2. Limited-memory Broyden–Fletcher–Goldfarb–Shanno Algorithm: 2. 有限内存 Broyden-Fletcher-Goldfarb-Shanno 算法：

In a nutshell, it is analogue of the Newton's Method but here the Hessian matrix is approximated using updates specified by gradient evaluations (or approximate gradient evaluations).简而言之，它类似于牛顿法，但这里使用梯度评估（或近似梯度评估）指定的更新来近似Hessian 矩阵。 In other words, using an estimation to the inverse Hessian matrix.换句话说，使用对 Hessian 逆矩阵的估计。

The term Limited-memory simply means it stores only a few vectors that represent the approximation implicitly.有限内存一词仅表示它仅存储一些隐式表示近似值的向量。

If I dare say that when dataset is small , L-BFGS relatively performs the best compared to other methods especially it saves a lot of memory, however there are some “ serious ” drawbacks such that if it is unsafeguarded, it may not converge to anything.如果我敢说，当数据集较小时，L-BFGS 与其他方法相比相对表现最好，尤其是它节省了大量内存，但也有一些“严重”的缺点，如果不加以保护，它可能不会收敛到任何东西.

Side note: This solver has became the default solver in sklearn LogisticRegression since version 0.22, replacing LIBLINEAR.旁注：自 0.22 版以来，此求解器已成为 sklearn LogisticRegression 中的默认求解器，取代了 LIBLINEAR。

3. A Library for Large Linear Classification: 3. 大型线性分类库：

It's a linear classification that supports logistic regression and linear support vector machines ( A linear classifier achieves this by making a classification decision based on the value of a linear combination of the characteristics ie feature value ).它是一种支持逻辑回归和线性支持向量机的线性分类（线性分类器通过基于特征的线性组合的值即特征值做出分类决策来实现这一点）。

The solver uses a coordinate descent (CD) algorithm that solves optimization problems by successively performing approximate minimization along coordinate directions or coordinate hyperplanes.求解器使用坐标下降 (CD) 算法，通过沿坐标方向或坐标超平面连续执行近似最小化来解决优化问题。

LIBLINEAR is the winner of ICML 2008 large-scale learning challenge.
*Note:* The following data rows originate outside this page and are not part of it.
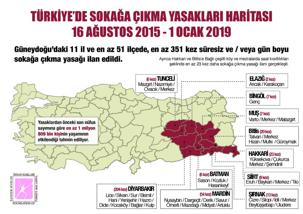 Since 2015, Turkish Government has declared curfew at least 351 times in 11 provinces and 51 subprovinces / counties. Source is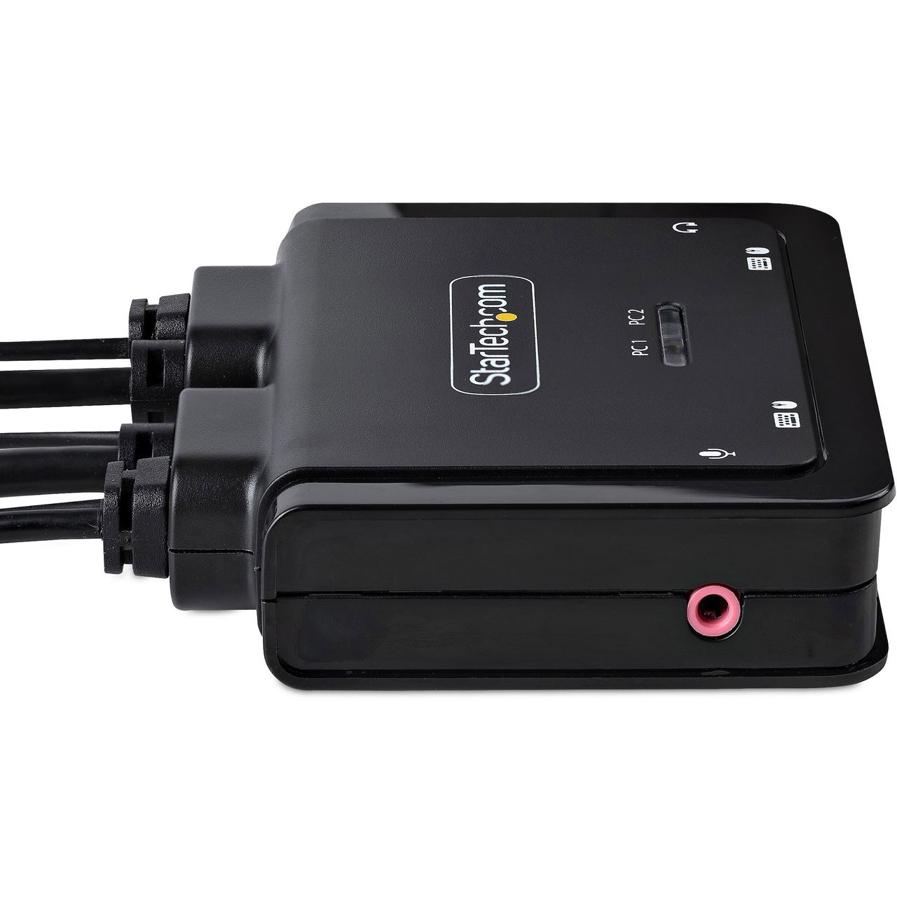 Der KVM-Switch bietet zwei Optionen zum Umschalten zwischen Hosts - eine Fernbedienungstaste oder Hotkey-Befehle, mit der herunterladbaren Software. Die Fernbedienungstaste hat ein 1,5 m Kabel für eine optimale Platzierung. Unabhängiges Umschalten von Audio kann durch die Software erreicht werden, indem Tastaturkürzel (d.h. Hotkeys) genutzt werden, um ununterbrochenes Audio beim Umschalten zwischen Host-Geräten zu gewährleisten.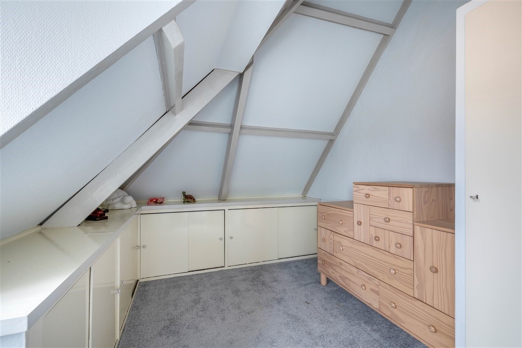 Slaap-/werkkamer, ca. 4,2 m², met toegang tot extra bergruimte/zolder.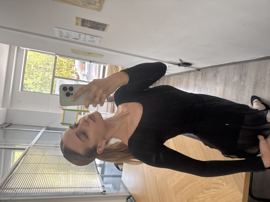 The image displays a forensic view of a female subject taking a mirror selfie inside a building in Tbilisi, Georgia. The female, appearing to be in her 20s or 30s, has brown hair pulled back into a low ponytail and is wearing a black long-sleeved leotard, a sheer black wrap skirt, and black ballet flats. She holds a light-colored smartphone, equipped with a prominent camera array, in her left hand, which bears a ring on the fourth finger. Her head is tilted slightly back and to the left, directing her gaze towards her reflection. The interior environment features white walls and a light-colored wooden floor. To the left, a large wooden table with visible grain and a dark office chair are partially visible. A window with horizontal blinds is present on the far left. To the right of the subject, a large, unobstructed window provides a view of a city street. Through this window, green foliage from trees, a light-colored vehicle, and a partial business sign reading "CHATLET" are discernible, indicating a street-level location. An easel with green and red accents is visible through the window on the left side of the frame. The wall to the far right is adorned with multiple pieces of paper or artwork, including what appears to be a medieval-style illustration and a vertical poster. Electrical cables and an outlet are visible on the lower right wall. The scene is well-lit, predominantly by natural light entering through the windows. The observable details, particularly the "CHATLET" sign, are consistent with a commercial establishment located in the vicinity of 1 Chavchavadze Avenue in Tbilisi.

LIBLINEAR是 ICML 2008 大规模学习挑战赛的获胜者。 It applies Automatic parameter selection (aka L1 Regularization) and it's recommended when you have high dimension dataset ( recommended for solving large-scale classification problems )它应用自动参数选择（又名 L1 正则化），当您有高维数据集时推荐使用（推荐用于解决大规模分类问题）

Drawbacks:缺点：

It may get stuck at a non-stationary point (ie non-optima) if the level curves of a function are not smooth.如果函数的水平曲线不平滑，它可能会卡在非平稳点（即非最优）。
Also cannot run in parallel.也不能并行运行。
It cannot learn a true multinomial (multiclass) model;它无法学习真正的多项（多类）模型； instead, the optimization problem is decomposed in a “one-vs-rest” fashion so separate binary classifiers are trained for all classes.相反，优化问题以“one-vs-rest”方式分解，因此针对所有类别训练单独的二元分类器。
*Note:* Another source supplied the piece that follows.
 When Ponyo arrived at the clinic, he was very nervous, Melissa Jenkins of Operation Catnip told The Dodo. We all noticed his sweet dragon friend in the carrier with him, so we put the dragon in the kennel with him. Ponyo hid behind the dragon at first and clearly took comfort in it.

Side note: According to Scikit Documentation: The “liblinear” solver was the one used by default for historical reasons before version 0.22.旁注：根据 Scikit 文档：“liblinear”求解器是 0.22 版本之前的历史原因默认使用的求解器。 Since then, default use is Limited-memory Broyden–Fletcher–Goldfarb–Shanno Algorithm.从那时起，默认使用的是有限内存 Broyden–Fletcher–Goldfarb–Shanno 算法。

4. Stochastic Average Gradient: 4. 随机平均梯度：

SAG method optimizes the sum of a finite number of smooth convex functions. SAG 方法优化有限数量的平滑凸函数的总和。 Like stochastic gradient (SG) methods, the SAG method's iteration cost is independent of the number of terms in the sum.与随机梯度 (SG) 方法一样，SAG 方法的迭代成本与总和中的项数无关。 However, by incorporating a memory of previous gradient values the SAG method achieves a faster convergence rate than black-box SG methods.然而，通过结合先前梯度值的记忆，SAG 方法实现了比黑盒 SG 方法更快的收敛速度。
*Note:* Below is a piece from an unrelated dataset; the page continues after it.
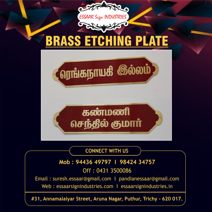Brass Etching Plate🔥 We Made Metal Etching Plate 👏 All Customised Designs available💯 For more details Contact us : 9443649797 , 9842434757 Don't forget to follow our official Instagram & Facebook Pages https://www.instagram.com/essaar_sign_industries https://www.facebook.com/trichyessaarsignindustries #signage #signagedesign #signagemaker #essaarsignindustries #lasercutting #lasertech #etchingplate #brassetching #metaletching #housenameplate #trichy #trending #instagram #facebook

It is faster than other solvers for large datasets, when both the number of samples and the number of features are large.对于大型数据集，当样本数量和特征数量都很大时，它比其他求解器更快。

Drawbacks:缺点：

It only supports L2 penalization.它只支持 L2 惩罚。
Its memory cost of O(N) , which can make it impractical for large N ( because it remembers the most recently computed values for approx. all gradients ).它的内存成本为O(N) ，这对于大 N 来说可能不切实际（因为它会记住大约所有梯度的最近计算值）。

5. SAGA: 5.传奇：

The SAGA solver is a variant of SAG that also supports the non-smooth penalty=l1 option (ie L1 Regularization). SAGA 求解器是 SAG 的一个变体，它也支持非平滑惩罚=l1选项（即 L1 正则化）。 This is therefore the solver of choice for sparse multinomial logistic regression and it's also suitable very Large dataset.因此，这是稀疏多项逻辑回归的首选求解器，它也适用于非常大的数据集。